Putting a plan in place
MDR-compliant labelling, however, brings with it certain requirements which differ from what is demanded under the FDA’s Unique Device Identification (UDI) system rules. Under MDR, for example, manufacturers must ensure the label specifically states the device is a medical one using an MD symbol in a box. This is only one of many stipulations that usually require redesigned labels.
Small medical device manufacturers who rely on time-consuming and error-prone manual or legacy labelling processes to facilitate these label updates run the risk of mislabelling which can lead to non-compliance. They may have limited staff and no structured processes around roles and responsibilities when it comes to label design, changes and approval. As project leads work toward a compliant labelling process, it is therefore important to establish defined roles and access for each stage of the process.
When dealing with a compliance initiative, up to date, correct and compliant labelling is imperative. This involves having all the relevant label design elements in place to comply with the EU MDR or FDA regulations. Many times, label templates are hard coded, meaning IT must be involved in making changes. And with IT staff often being tasked with multiple mission-critical projects in the organisation, labelling projects can be delayed. For many small medical device manufacturers who have limited resources, finding a solution can be a challenge.
Why labelling in the cloud offers a roadmap forward
Validation-ready cloud labelling solutions have now emerged to ease compliance with regulations and time-consuming validation requirements.
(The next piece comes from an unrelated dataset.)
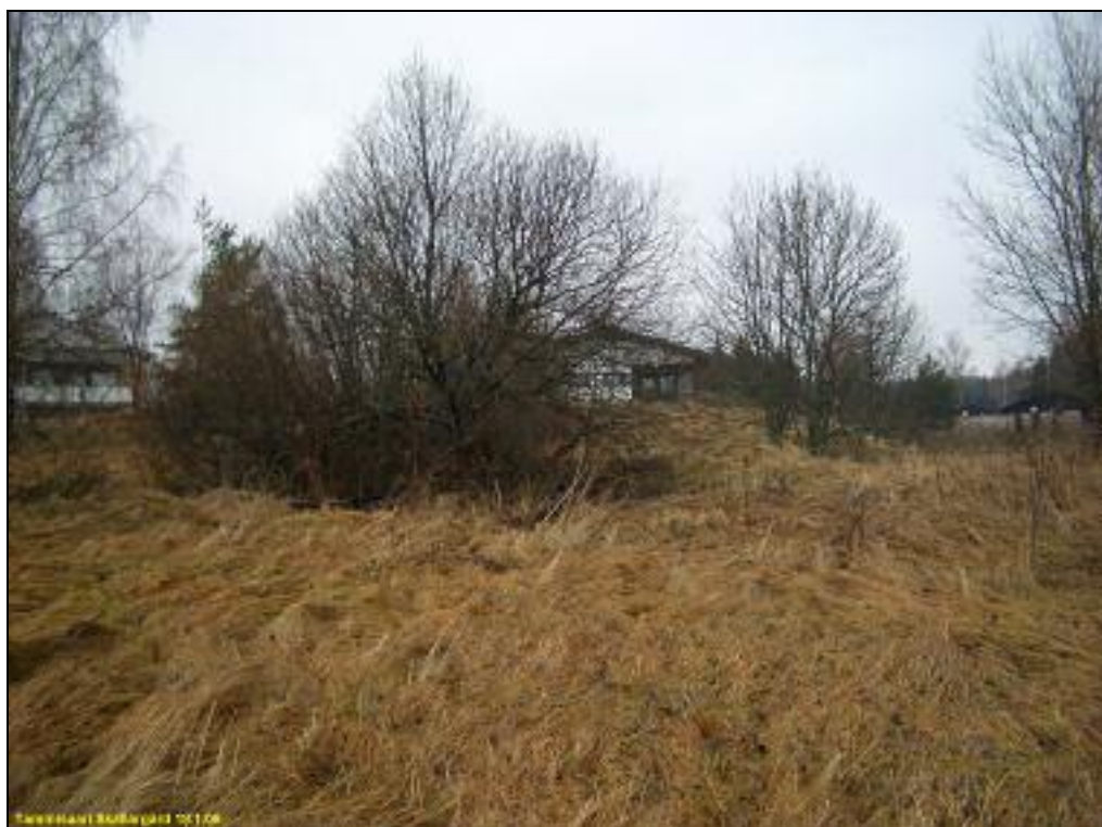
Sama kuin yllä, mutta kauempaa. Sköldargårdintien mutkan koillispuolella, pellon ja tien välillä.

These solutions, built with the needs of regulated companies in mind, digitise the quality control processes and facilitate compliant labelling with role-based access, approval workflows and electronic signatures. Outside of compliance, carrying out labelling in the cloud drives scalability and productivity for small medical device manufacturers and boosts overall efficiency.
The latest cloud labelling solutions integrate with other cloud solutions, allowing for seamless functionality and minimising the need for local infrastructure resources and cost.
When it comes to validation, as with many labelling systems, those hosted in the cloud have vendor-supplied documentation that streamlines the process and significantly eases the burden when it comes to installation qualification (IQ). The manufacturer itself has a much lighter burden and a streamlined path to a validated system and process.
A more relaxed software release schedule eases the validation burden on life sciences companies because the software is updated once a year rather than multiple times. This gives them a continuously updated and maintained labelling solution without increasing the validation workload on their IT staff.
The manufacturer would of course need to work closely alongside the vendor and review the documentation, but, if needed, the vendor is able to do much of the work for them, providing not only the full validation acceleration pack but also professional services to assist with the validation process.
While some medical device manufacturers choose to tackle validation on their own, the vendor supplied validation acceleration pack or documentation helps to simplify the process. Consultancy and advice around validation is usually available from the vendor, tailored to the business’s specific needs.
Given the immense hassles of compliance for small device manufacturers, cloud-based labelling systems offer the benefits of a full label management system while easing compliance and validation. This is a future-proof technology. With a cloud-based labelling system, medical device manufacturers can be confident that they are running the most up-to-date software, enabling them to address the fast-changing new regulations and cope with whatever comes their way. And especially in the current pandemic, when face-to-face meetings are still problematic, it is a perfect way to keep labelling operations moving forward.